Why Can't People Hear What Jordan Peterson Is Actually Saying? - jseliger
https://www.theatlantic.com/politics/archive/2018/01/putting-monsterpaint-onjordan-peterson/550859/
======
mr_overalls
Newman's more-or-less continual invocation of the Straw Man Fallacy is
reminiscent of the favored debating tactic of notorious anti-evolution debater
Duane Gish: the Gish Gallop.

Gish spewed such forth torrents of falsehoods, that the evolutionist didn't
have a prayer of refuting in the format of a debate. Gish didn't address
objections raised by his opponents, repeated the same arguments in every
debate even after they were soundly refuted, etc.

In other words, both Newman and Gish subvert the very discussion structures
that they're supposedly engaging in, using fallacies, distractions, appeals to
popular biases, and outright lies to put on a show for a specific audience.
There is no interest in truth, only the furthering of an agenda.

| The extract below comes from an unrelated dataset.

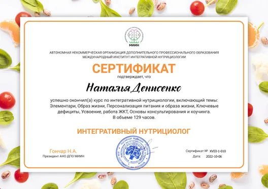 интегративный и клинический нутрициологМой путь начался с личного опыта. Когда традиционная медицина не давала мне улучшений и ясных ответов, я обратилась к нутрициологу. Мне удалось изменить свою жизнь: я сбалансировала обмен веществ, похудела на 25 кг, научилась жить без желчного пузыря — без страданий и ограничений. Забыла про костыли, с помощью которых передвигалась последние полтора месяца и поняла, что есть другой путь.
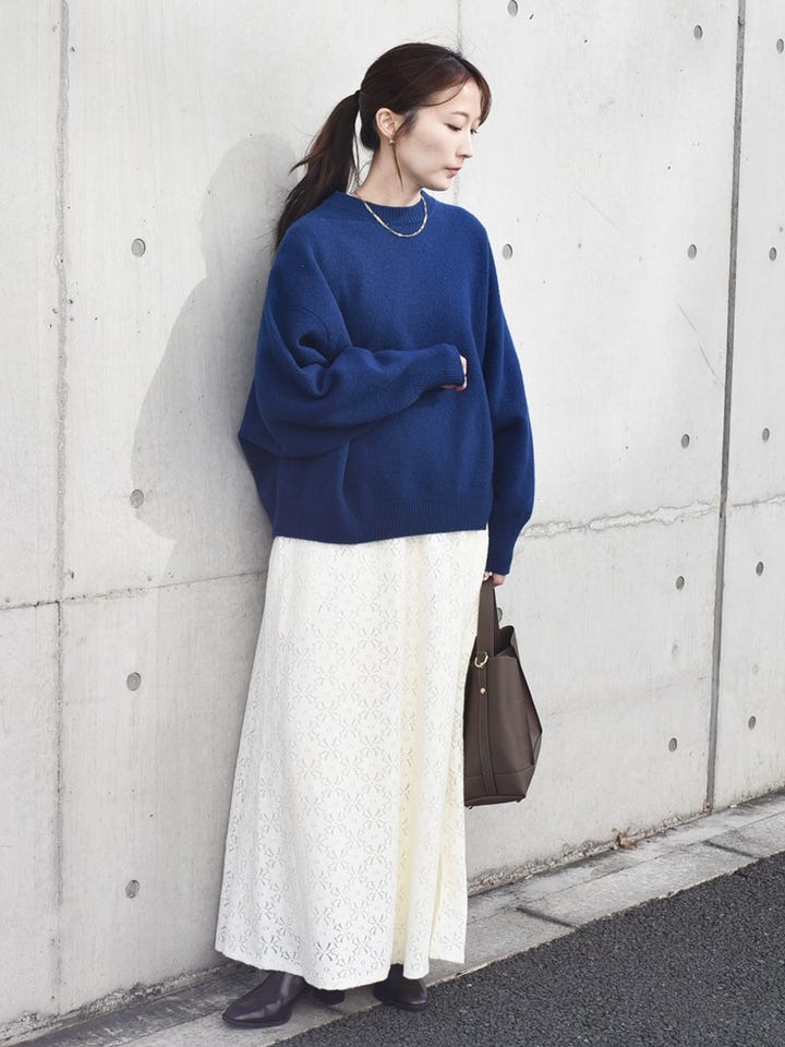 ニットに、起毛感のあるスカートを合わせたふんわりとした素材感がポイントのコーデ。

Newman is engaging in a dishonest public spectacle, failing at the most basic
function of an interviewer (to understand the interviewee), and I believe that
any honest intellectual should refuse to be interviewed by her.

------
Herpa
The spinning in mainstream media is extreme. This is especially a problem
nowadays as attention spans are short and only very few people will look into
people's actual statements. Furthermore, the selective word use e.g.
"controversial" for someone who does not follow the narrative of the news
outlet is highly effective in influencing how we feel about that person. Once
brand marked with the gateway word, all the negative connections to this word
solidify and the association will be more or less permanent and spreads.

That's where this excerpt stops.